MATERIAL PROVIDED:

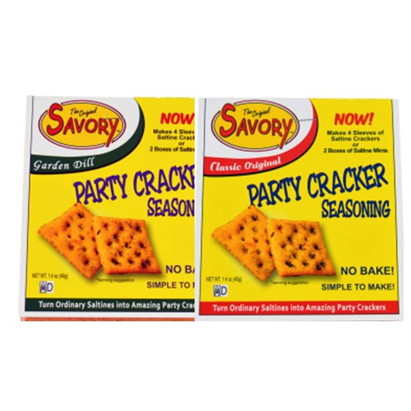 Savory Saltine 2-Pack -- 1 Garden Dill, 1 Classic Original plus 2 Large Double Sealed Zip Top Bags
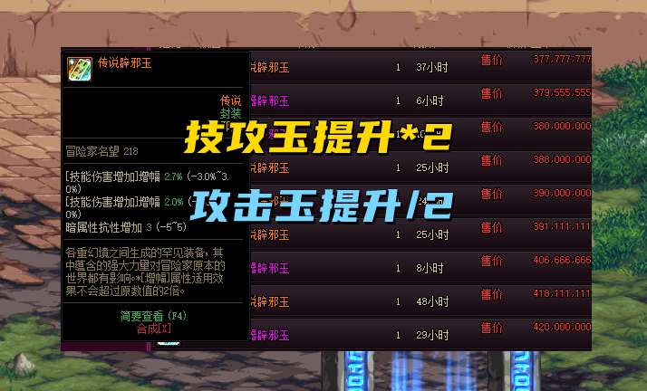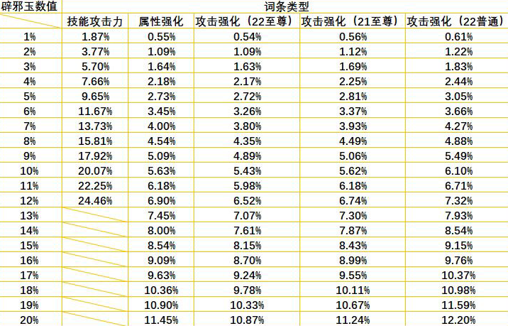 3、关于辟邪玉的大概提升,可以归纳成这样一句话【技攻玉乘以2;属强玉/攻击玉除以2】,同样以10%词条为例,技攻玉大概提升20%,属强玉/攻击玉大概提升5%,如此就简单明了。
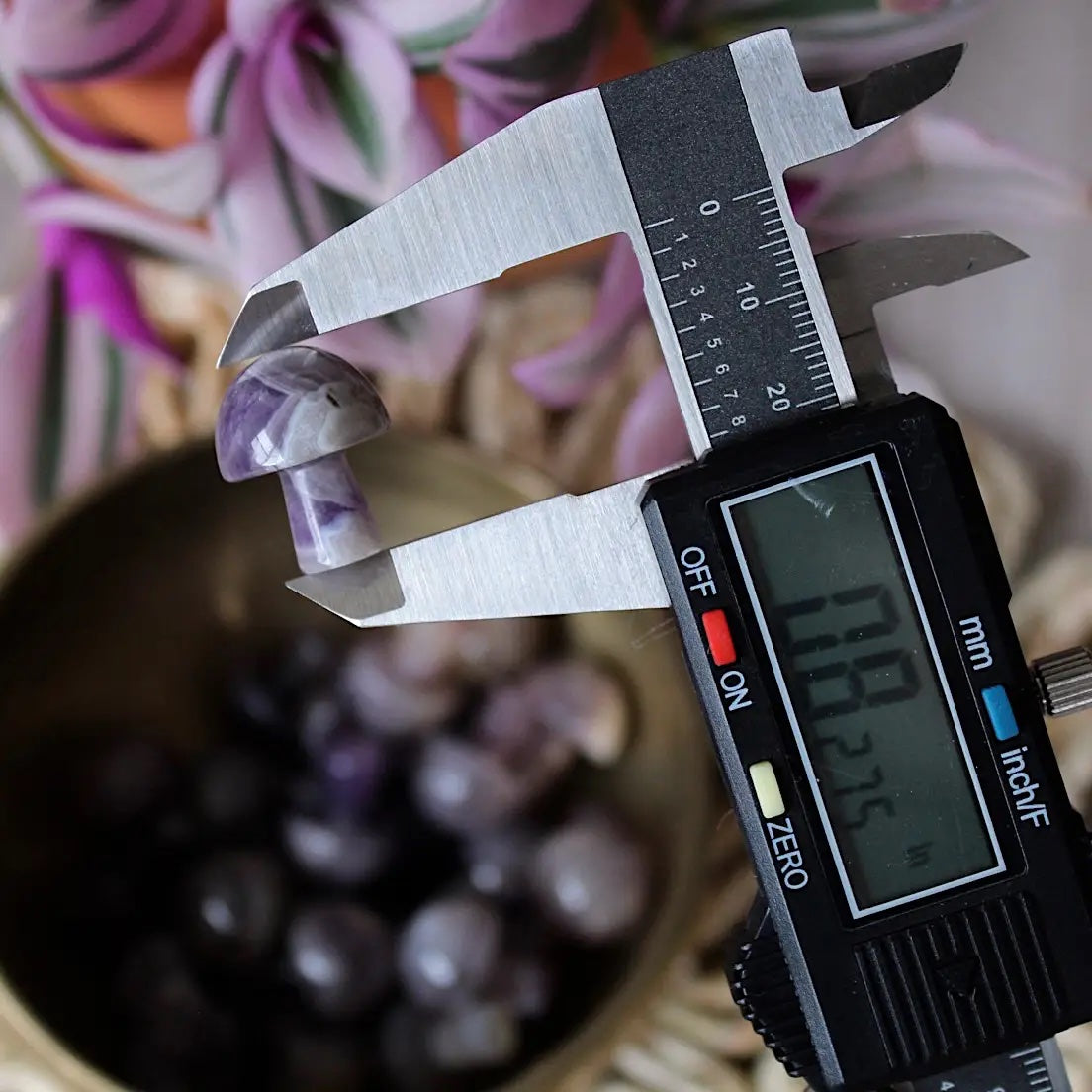 The mushroom is a symbol for kundalini energy and enlightenment. The stalk represents the spine, and the cap represents the opened crown chakra. Enjoy holding them in your palm, carrying them in your pocket, adding them to a house plant, fairy garden, fish tank, or terrarium. Create your own magik with them — use multiples in a healing crystal grid or altar set up.
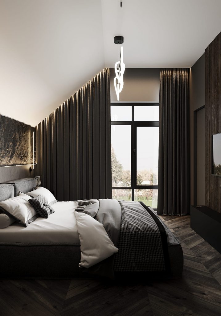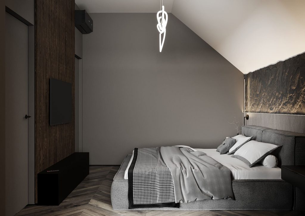 Интересным решением стали подвесные светильники по обе стороны кровати и пластичная люстра над ней — они будто парят в пространстве, задавая лёгкую динамику строгой геометрии. Деревянные панели на стене напротив добавляют тепла и текстуры, а встроенный телевизор делает спальню функциональной.
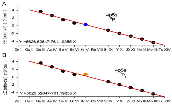 Six times ionized krypton belongs to the Zn I isoelectronic sequence and has the ground configuration 3d104s2. Due to the considerable interest in the diagnosis of high-temperature laboratory and astrophysical plasmas, the spectra of this sequence has been extensively studied and the first detection of Kr VII in a white dwarf was recently reported [39]. The spectra of the Zn-like Kr ion has been studied by the use of different light sources and by using a θ-pinch and a pulsed electrical discharge tube [16] in the region from 300 to 4800 Å. The values for the previously known energy levels were revised and a new extended analysis resulting in 115 new classified lines and 38 new energy levels belonging to 4s5s, 4s6s, 4p4f, 4s6d and 4p4d, 4s5p, 4s4f, 4p5s, 4s5f, 4s6p, 4s6f even and odd configurations were completed [57]. For the prediction of the energy level values we studied the behavior of the difference between the observed and calculated energy values along the isoelectronic sequence. As an example, Figure 7 shows the interpolated value for the 4p5s 3P1Eobs–Ecal of Kr VII in the Zn-like sequence. The adjusted energy difference value represented in A using our new energy level value in 587029 cm−1 fits better than the value in 587068 cm−1 reported in Ref. [58], as shown in B.
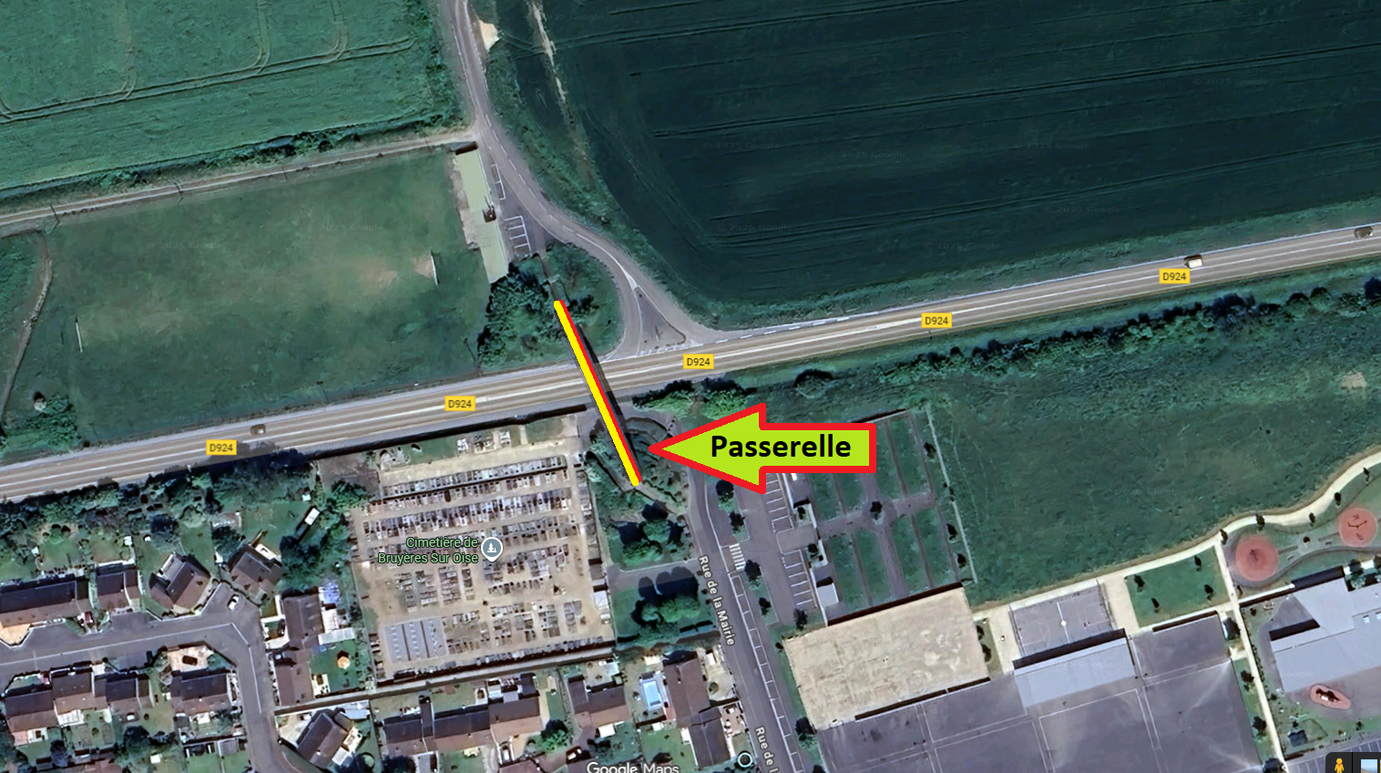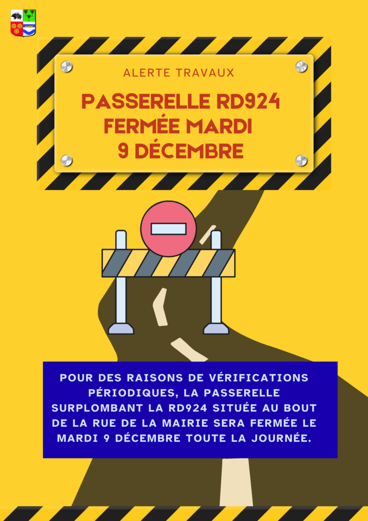 Dans le cadre des vérifications périodiques obligatoires, la passerelle qui surplombe la RD924, au bout de la rue de la Mairie à Bruyères-sur-Oise, sera entièrement fermée à la circulation le mardi 9 décembre, toute la journée. Les usagers sont invités à adapter leurs déplacements et à emprunter des itinéraires alternatifs si nécessaire.
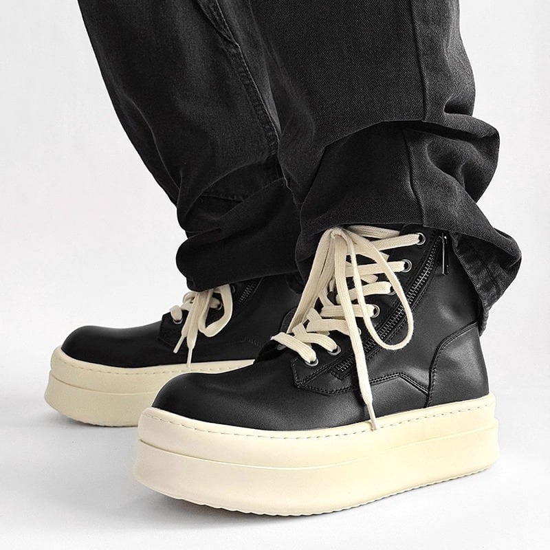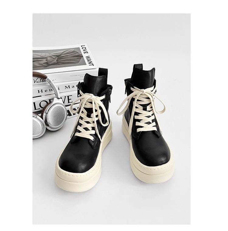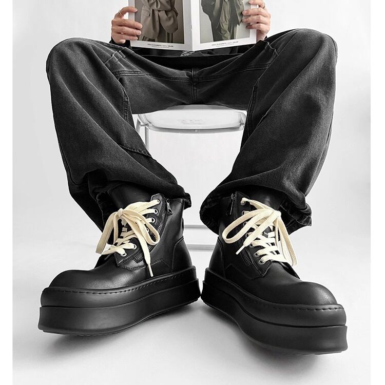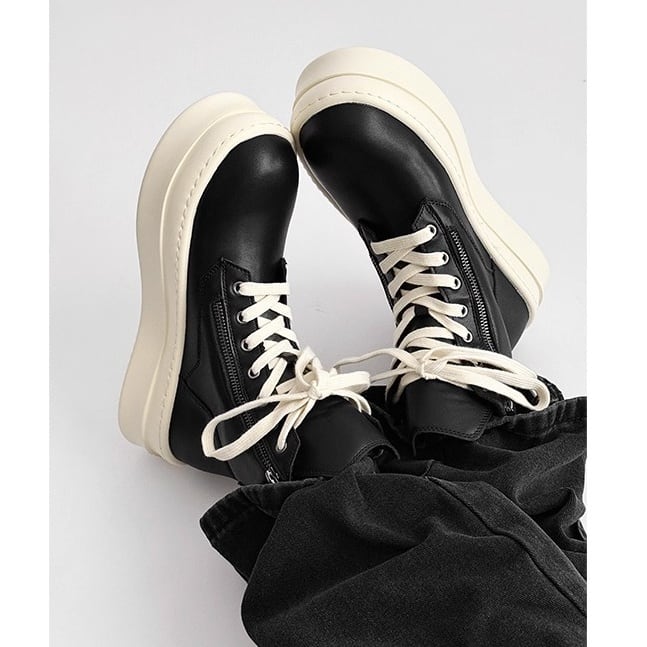 ジップアップ 厚底 レースアップ ハイカット スニーカー 8color MSH0015

PROBLEM TO SOLVE: Leave out every picture, and write out exactly the lines from the one with "Dans le cadre" through the end of the records above, both ends included.

TASK RESULT:
 Dans le cadre des vérifications périodiques obligatoires, la passerelle qui surplombe la RD924, au bout de la rue de la Mairie à Bruyères-sur-Oise, sera entièrement fermée à la circulation le mardi 9 décembre, toute la journée. Les usagers sont invités à adapter leurs déplacements et à emprunter des itinéraires alternatifs si nécessaire.
 ジップアップ 厚底 レースアップ ハイカット スニーカー 8color MSH0015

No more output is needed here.